The company said that the topline results of this six-month Phase 2 evaluation of Zygel in 48 children and adolescents with various DEEs showed meaningful reductions in seizures and excellent tolerability. Patients experienced 44% to 58% monthly median reductions in focal impaired-awareness seizures (FIAS; previously known as complex partial seizures) and/or convulsive seizures (CS; focal to bilateral tonic-clonic seizures and generalized tonic-clonic seizures), the most common and debilitating seizure types, starting at month two and continuing through month six.

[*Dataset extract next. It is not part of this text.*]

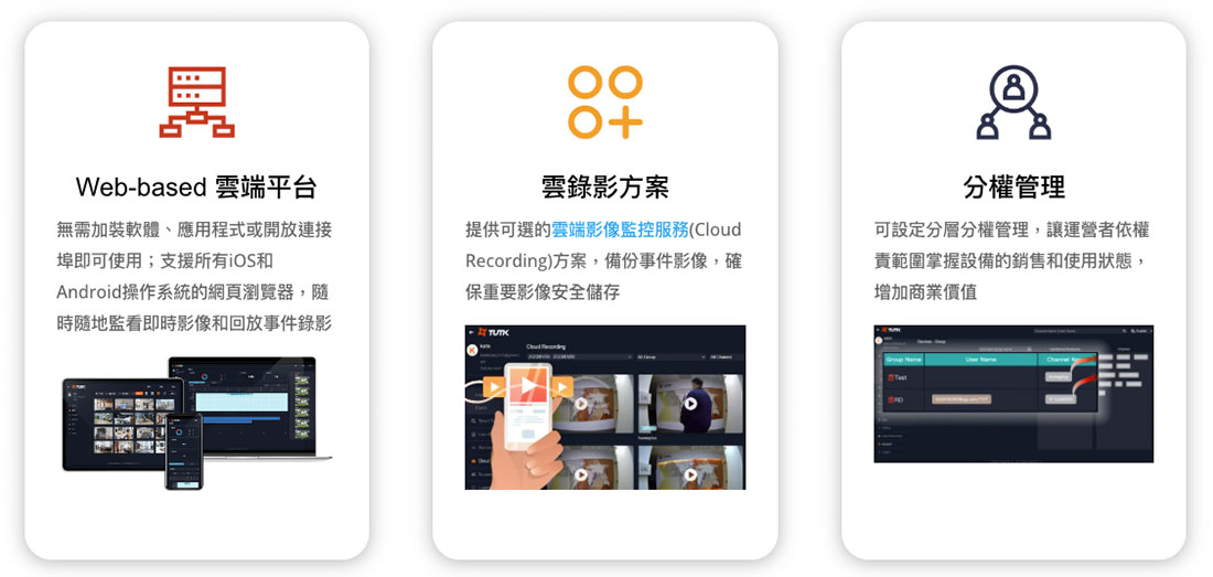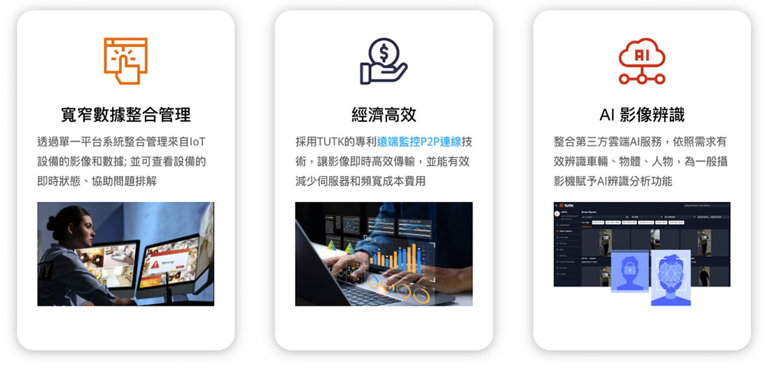 雲端影像管理系統提供遠端影像監控、錄影回放、事件錄影、權限管理等多項功能,讓企業客戶輕鬆管理所有監控設備。此外,透過物聯智慧的遠端監控P2P連線技術及TUTK RTC技術,將可為企業客戶大幅節省伺服器運營成本和網絡頻寬費用。

Zynerba also noted that enrollment was progressing in CONNECT-FX, a pivotal, multinational, randomized, double-blind, placebo-controlled trial evaluating the efficacy and safety of Zygel in treating common behavioral symptoms of FXS in three through 17-year old patients with Fragile-X Syndrome. The company expects to report top-line results in the first half of 2020.
In addition to those results, Zynerba said it was conducting the Phase 2 BRIGHT trial to assess the safety, tolerability, and efficacy of Zygel for the treatment of child and adolescent patients with Autism Spectrum Disorder (ASD). The 14-week trial is designed to evaluate the efficacy and safety of Zygel in approximately 36 children and adolescents (ages four through 17) with ASD as confirmed by DSM-5 diagnostic criteria for ASD. The efficacy assessments include the Aberrant Behavior Checklist, Parent Rated Anxiety Scale – Autism Spectrum Disorder, Autism Impact Measure, and Clinical Global Impression – Severity and Improvement. Zynerba expects to report topline results from this study in the first half of 2020.

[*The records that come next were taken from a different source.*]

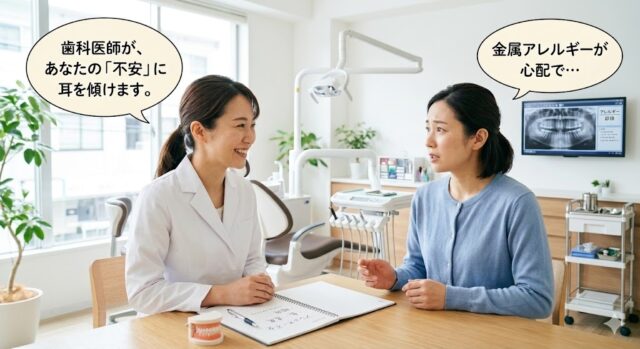 最も危険なのは、自己判断で諦めてしまったり、曖昧な情報だけを信じて検査なしに治療に踏み切ったりすることです。専門的な事前検査によってご自身の体質を正確な数値とデータで把握し、その結果に基づいて、ジルコニアのような最適な非金属素材を選択すれば、安全で長期的に安定したインプラント治療は十分に実現可能です。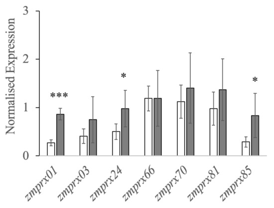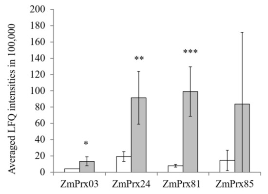 The regulation of the six PM-bound class III peroxidases, identified by gel-free and gel-based analyses, was investigated by real-time quantitative polymerase chain reaction (RT-qPCR) (Figure 5). Although all genes were upregulated, a significant increase was found for zmprx01 (3.2-fold), zmprx24 (1.9-fold), and zmprx85 (2.9-fold), whereas expression of zmprx03 (1.8-fold), zmprx70 (1.3-fold), and zmprx81 (1.4-fold) showed higher levels compared to controls. Additionally, the expression of zmprx66 was not increased in comparison to controls. The housekeeping gene, used in RT-qPCR (zmtufM, Q9FUZ6), could not be found in the RNA Seq data. The NCBI blast with the corresponding sequence led to the protein (NP_001141314) with less than 100% coverage. This protein had a slight non-significant decrease in expression (−1.4-fold change) in RNA Seq analyses, as well as another elongation factor (gene entry 542581, −1.5-fold change).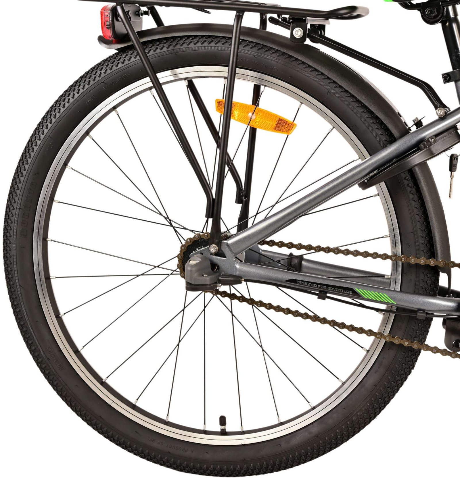 Sigurnost je na prvom mjestu! Dakle, ovaj cool bicikl ima ručnu kočnicu, nožnu kočnicu, Shimano Nexus 3 brzine, katadioptere (mačje oči) u kotačima i svijetlo na baterije sprijeda i straga. Mislilo se i na udobnost. Prekrasan tamno sivi bicikl Volare ima praktičan stražnji nosač za nošenje svih vaših stvari bez napora, udobno mekano sjedalo, nogicu kako bi vaš bicikl uvijek uredno stajao i čvrstu bravu. Kako biste što dulje uživali u biciklu, sjedalo je podesivo po visini, tako da bicikl još dulje raste s djetetom. Imajte na umu da upravljač nije podesiv po visini!

“The third quarter of 2019 was a remarkable period of progress and execution for Zynerba,” said Armando Anido, Chairman and Chief Executive Officer of Zynerba. “We announced compelling topline safety and efficacy results from our six month BELIEVE Phase 2 trial of Zygel™ in childhood epilepsies. In this study, patients experienced median reductions in their most common and debilitating seizures of 44% or more starting at month two and continuing through month six. In this medically fragile patient population, and consistent with our prior trials, Zygel was very well tolerated. Caregivers also reported important improvements in seizure intensity and duration in their children, and in socio-behavioral and cognitive impairments that are common in this population. Finally, we continued to progress towards full enrollment in our pivotal CONNECT-FX trial in children and adolescents with Fragile X syndrome, and expect to announce topline results in the first half of next year.”

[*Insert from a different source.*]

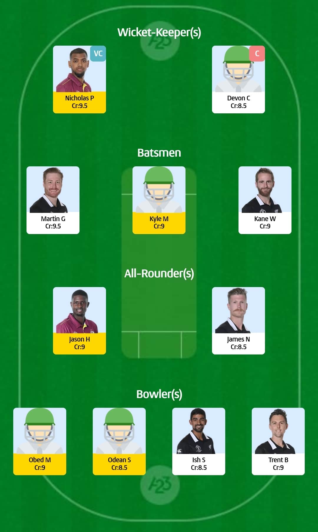The first T20I between West Indies and New Zealand turned out to be a high-scoring affair. This is the first time Sabina Park hosted a T20I since July 2017. The Black Caps slammed 185/5 in their 20 overs and West Indies fell short by only 13 runs, despite being 90/5 at the end of 13 overs. Odean Smith picked three wickets in the first innings, while Mitchell Santner did the same in the second. Hence, it’s safe to say that picking a god balance of pacers and spinners in your team would make perfect sense. Both teams have some quality options.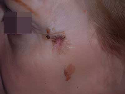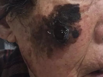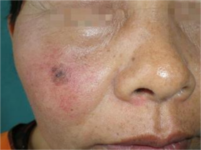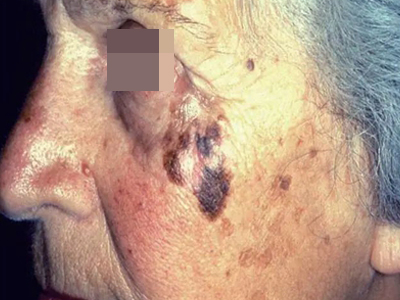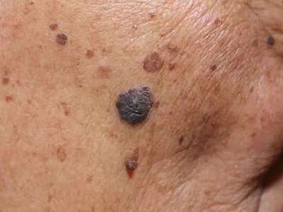 恶性雀斑样痣的患者,在眼角部位出现棕褐色的斑片,以及突出于皮肤表面的黑疙瘩。斑片部位的皮损出现溃烂,会伴有疼痛症状,需要尽快采取手术切除治疗。

For the quarter ending September 30, 2019, Zynerba reported an $8.3 million credit to research and development expenses for amounts expected to be received through the AOF for the period from January 1, 2018, through September 30, 2019. “Excluding the $8.3 million reduction in research and development expenses for amounts expected to be received through the AOF for the period from January 1, 2018, through September 30, 2019, research and development expenses increased by $1.8 million to $6.7 million for the three months ended September 30, 2019 from $4.9 million for the three months ended September 30, 2018. The increase was primarily related to an increase in clinical trial and manufacturing costs related to our Zygel program. Stock-based compensation included in the R&D costs were $0.6 million.”
General and administrative expenses for the third quarter of 2019 were $3.5 million, including stock-based compensation expense of $0.8 million. The net loss for the third quarter of 2019 was $1.9 million with a basic and diluted net loss per share of $(0.08).